On the heels of being crowned the 2013 King of Louisiana Seafood thanks to his speckled trout Perdu dish, chef Cody Carroll is looking to open a new restaurant to complement his Hot Tails Restaurant in New Roads.

But Carroll, who lives in Baton Rouge and is a graduate of both LSU and the Louisiana Culinary Institute, is weighing a big decision. Either he can try to replicate the success of his restaurant in Baton Rouge, or set his sights a bit higher and try to establish himself among the world-class chefs of New Orleans.

“Baton Rouge—although it has definitely evolved—is still not a destination for the food industry. In New Orleans, you have people flying in from all over the world who are coming to dine out,” says Carroll, who is looking at possible locations in both cities. “That’s a huge difference to a chef.”
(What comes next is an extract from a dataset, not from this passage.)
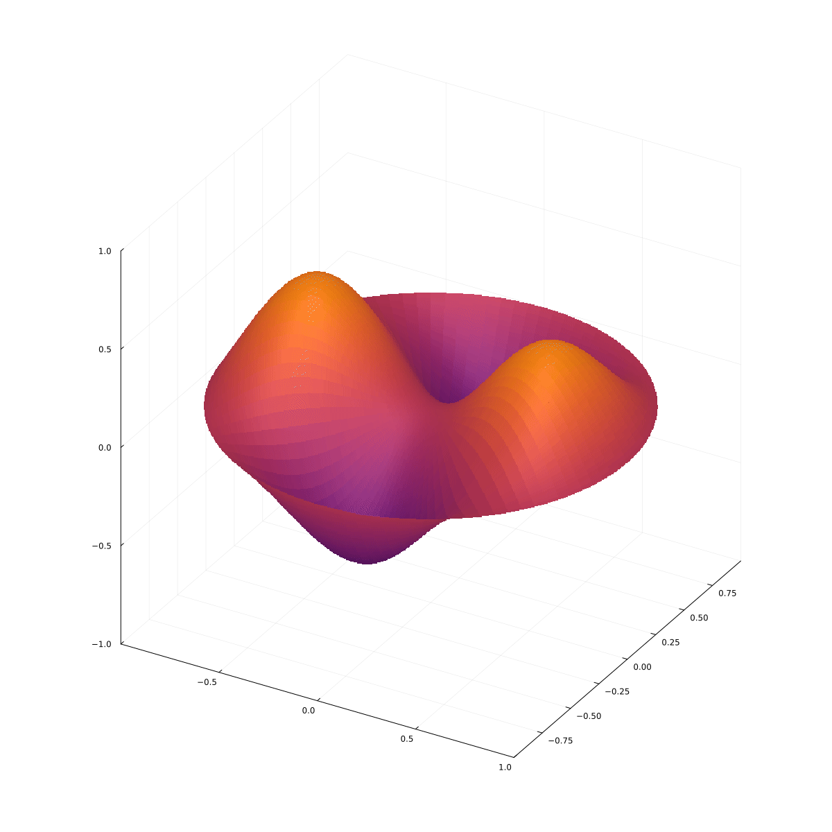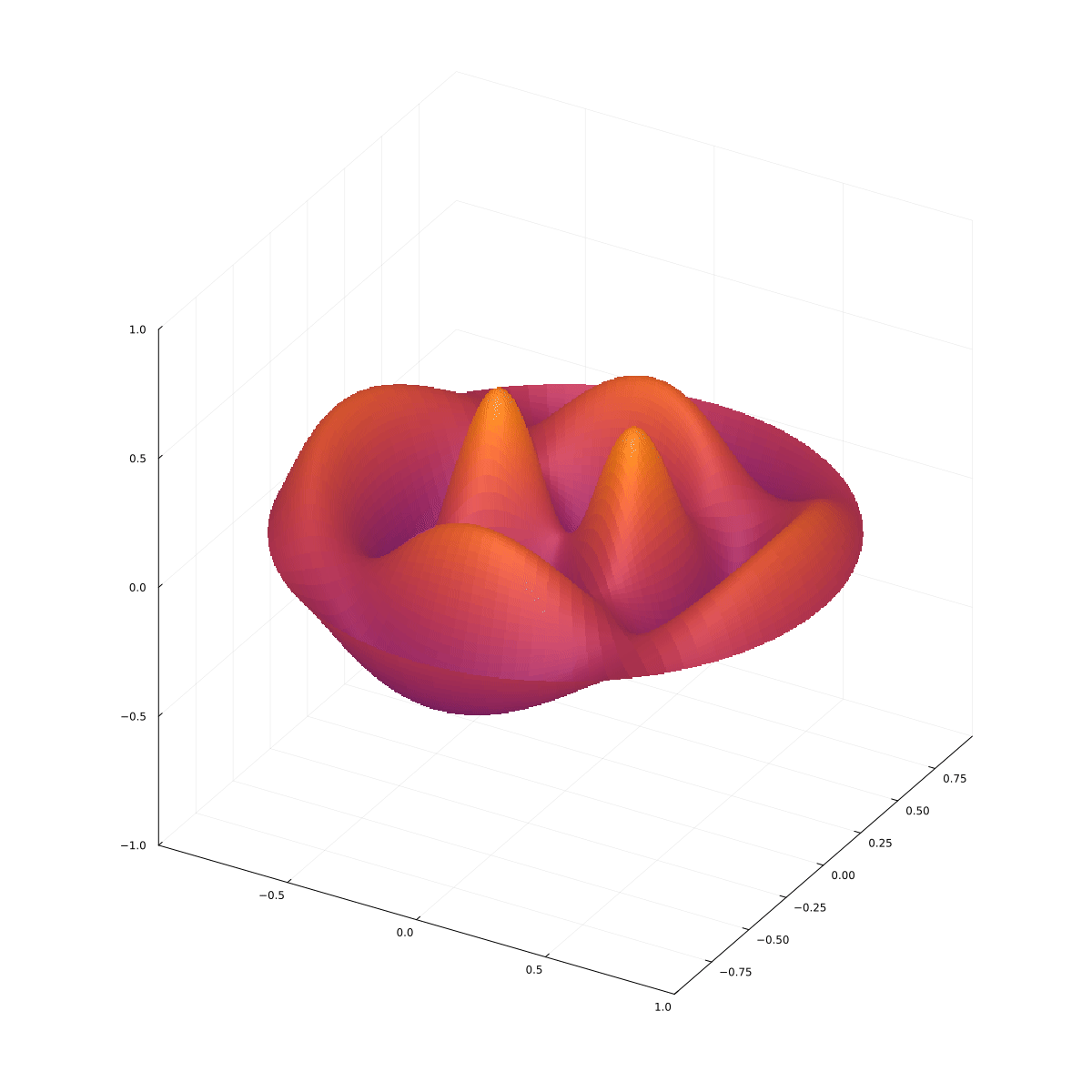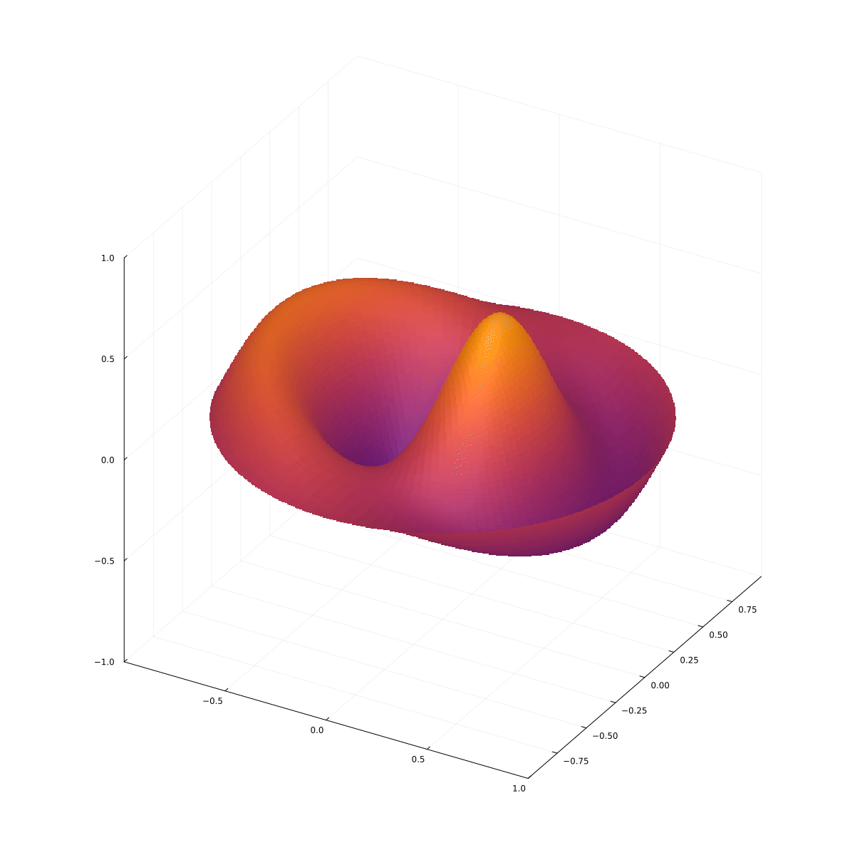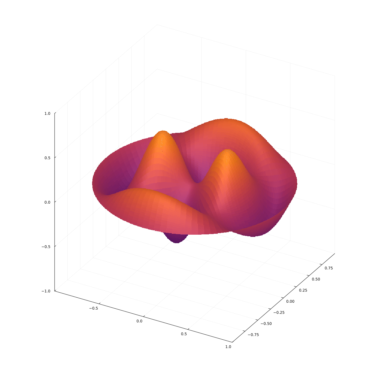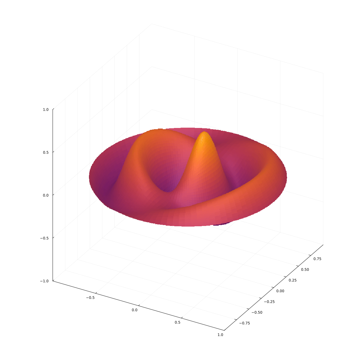Rozwiązanie to zatem: $$ u(r, \theta, t) = A\cos(c\lambda t)\cos(\alpha\theta) J_\alpha(\lambda r), $$ gdzie chwilę początkową wybieramy tak, aby $B=0$ oraz wszystkie stałe łączymy w jedną. Pozostaje nam warunek brzegowy: $$ u(R, \theta, t)=0, $$ więc $$ J_\alpha(\lambda R)=0. $$ Zastąpmy $\alpha$ przez $m$. Jako $\alpha_{mn}$ oznaczymy $n$-te miejsce zerowe $J_n(x)$. Wtedy $$ \lambda R=\alpha_{mn}, $$ skąd $$ \lambda = \frac{\alpha_{mn}}{R}. $$ Ostateczne rozwiązanie to: $$ \boxed{ u_{mn}(r,\theta, t)=A\cos\left( \frac{c\alpha_{mn}}{R}t\right)\cos(m\theta)\, J_m\left( \frac{\alpha_{mn}r}{R}\right).} $$ Są to mody normalne cylindrycznej membrany. Kilka modów normalnych jest przedstawionych na poniższych animacjach.

But while New Orleans offers the chance for chefs like Carroll to really test and hone their culinary craft, the Crescent City is also a bigger risk. In the areas Carroll is considering in the city, primarily the French Quarter and Central Business District, it’s virtually impossible to purchase a location, and leases are much more expensive than in Baton Rouge.

“In New Roads, my wife [Samantha] and I bought and built this restaurant ourselves, and that’s really what we’d prefer to do with the new restaurant,” says Carroll, who has taken a first-place award in the local Fęte Rouge competition the past two years.

Carroll likens Hot Tails Restaurant, which he opened three years ago, to Baton Rouge eateries like Sammy’s or Mike Anderson’s Seafood. He’s confident a replication of the New Roads restaurant in Baton Rouge would be successful.

“I know Hot Tails would be awesome in Baton Rouge. That kind of restaurant goes over very well there,” he says. “But as a chef, of course, I kind of want to go beyond that.”

Carroll has dreams of owning a “more upscale” restaurant along the lines of Galatoire’s Bistro or Beausoleil.

“But doing that kind of upscale restaurant in Baton Rouge is tough,” he says. “Right now, I’m at the point as a chef of asking myself: What do I really want to do?”

Carroll isn’t giving himself much time to make his next big career decision. He knows the newness of his 2013 King of Louisiana Seafood win—which came at the Louisiana Seafood Promotion and Marking Board’s annual cookoff in New Orleans last week—will eventually fade.

“We really want to make a decision and have the new restaurant in development this summer, and use this win while the fire is still hot,” Carroll says. “Whatever I decide, it’s going to be a challenge any way you look at it.”